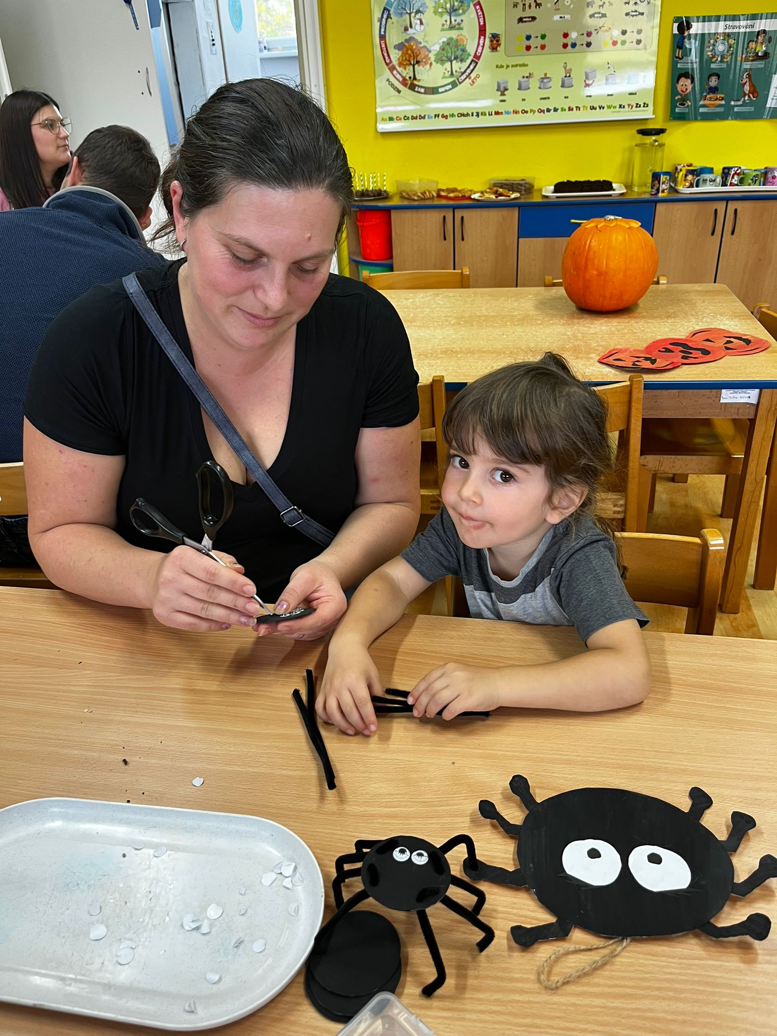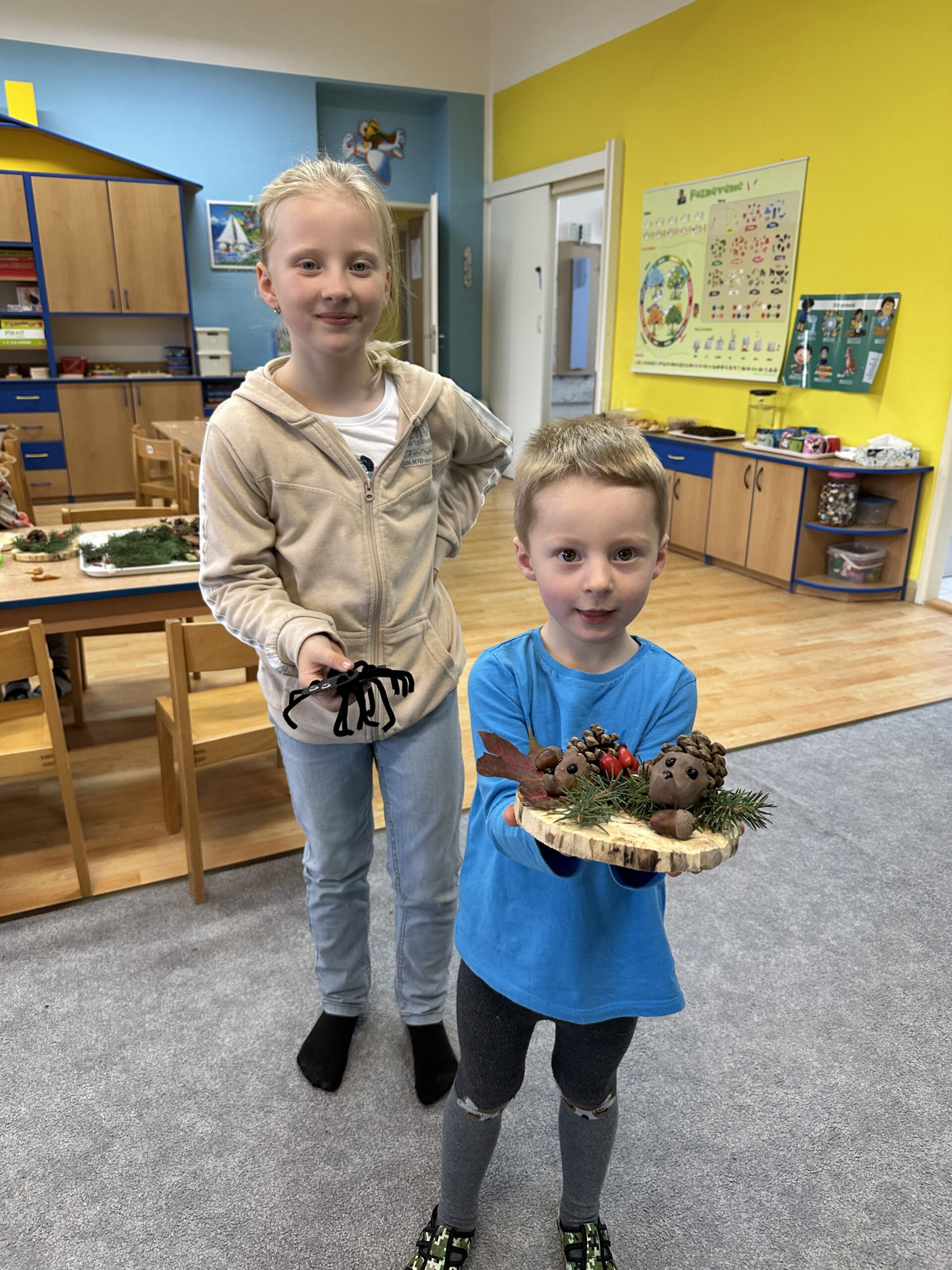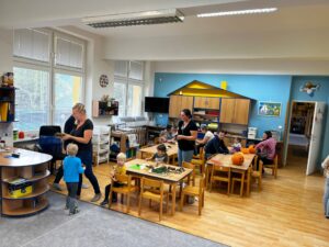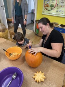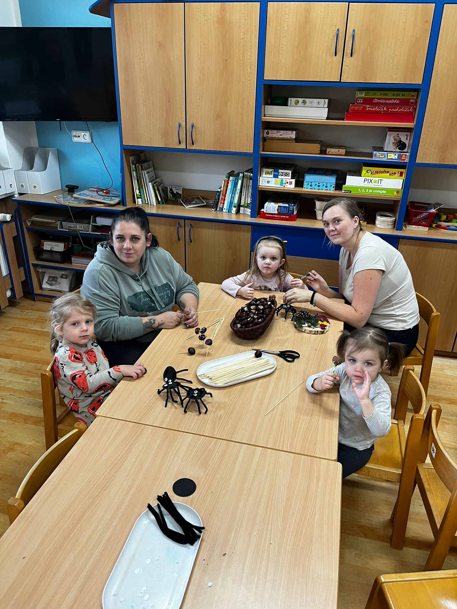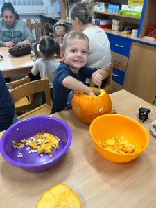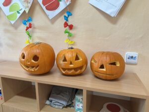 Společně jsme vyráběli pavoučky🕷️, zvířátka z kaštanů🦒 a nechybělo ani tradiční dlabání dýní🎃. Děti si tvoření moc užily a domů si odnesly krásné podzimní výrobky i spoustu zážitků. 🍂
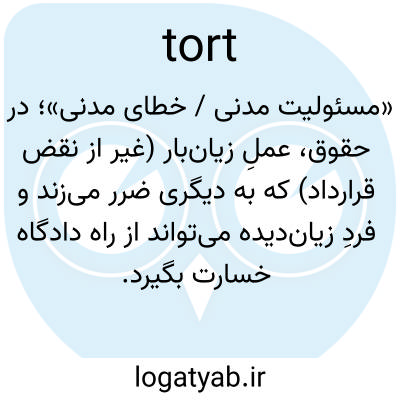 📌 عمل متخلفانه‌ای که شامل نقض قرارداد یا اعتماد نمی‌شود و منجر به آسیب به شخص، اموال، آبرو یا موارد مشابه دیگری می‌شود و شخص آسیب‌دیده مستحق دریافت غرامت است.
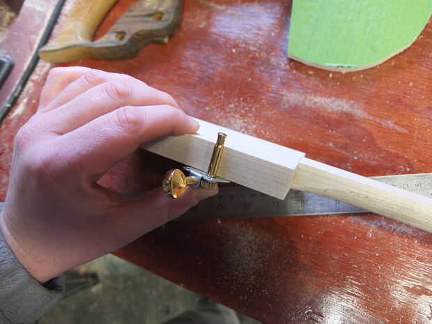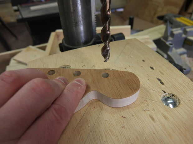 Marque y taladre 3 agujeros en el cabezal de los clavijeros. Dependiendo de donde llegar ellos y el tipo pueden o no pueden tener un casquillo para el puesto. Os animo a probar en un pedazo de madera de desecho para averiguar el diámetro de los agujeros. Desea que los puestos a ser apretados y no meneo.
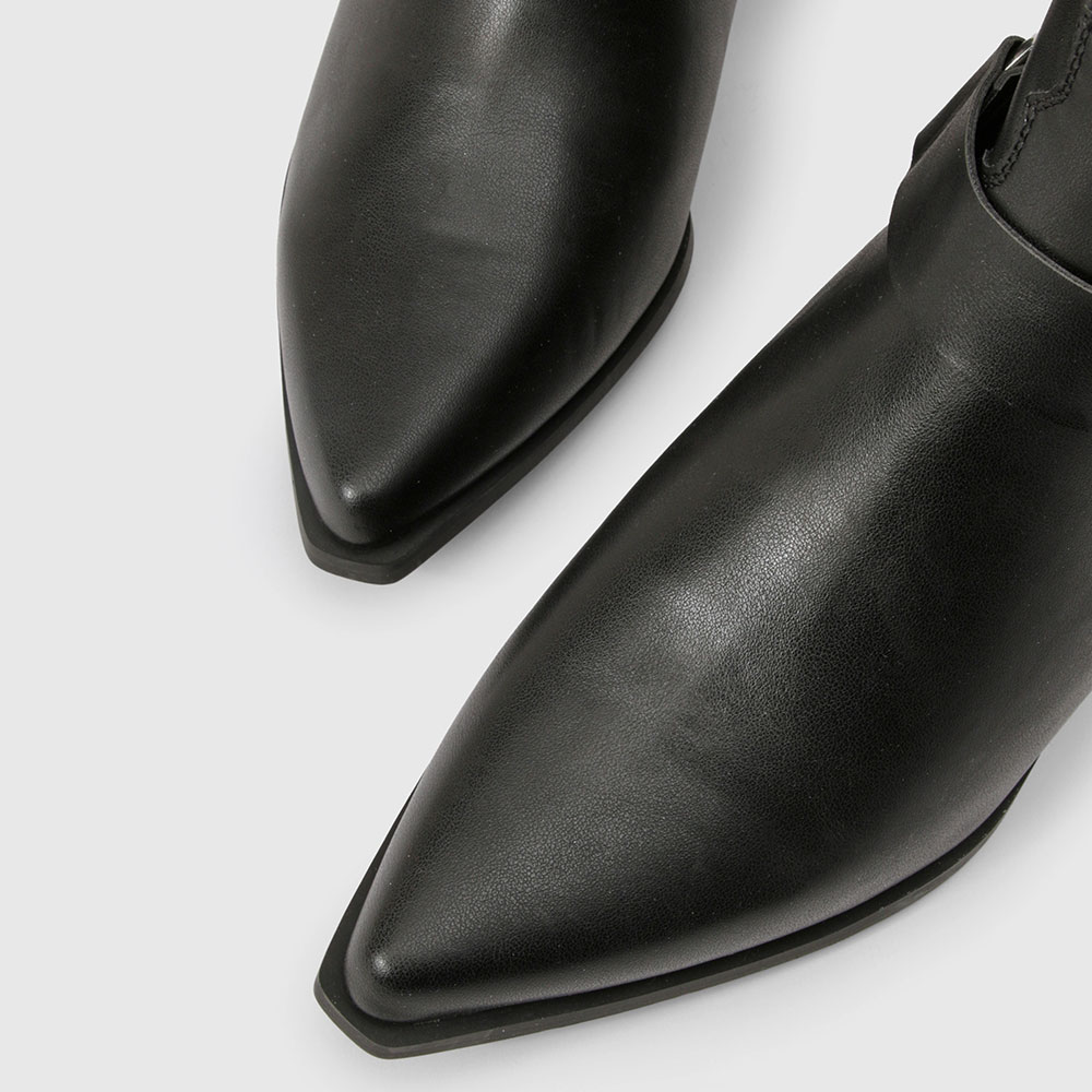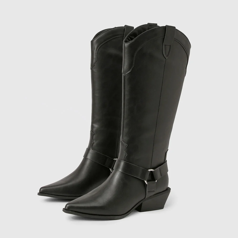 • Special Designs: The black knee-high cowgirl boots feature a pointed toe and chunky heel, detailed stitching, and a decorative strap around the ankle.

_WHAT IS EXPECTED:_
Exactly reproduce the run of lines from the start of the listing through the line with "دریافت غرامت است.", inclusive; pictures are not copied.

_RESULT OF THE EXERCISE:_
 Společně jsme vyráběli pavoučky🕷️, zvířátka z kaštanů🦒 a nechybělo ani tradiční dlabání dýní🎃. Děti si tvoření moc užily a domů si odnesly krásné podzimní výrobky i spoustu zážitků. 🍂
 📌 عمل متخلفانه‌ای که شامل نقض قرارداد یا اعتماد نمی‌شود و منجر به آسیب به شخص، اموال، آبرو یا موارد مشابه دیگری می‌شود و شخص آسیب‌دیده مستحق دریافت غرامت است.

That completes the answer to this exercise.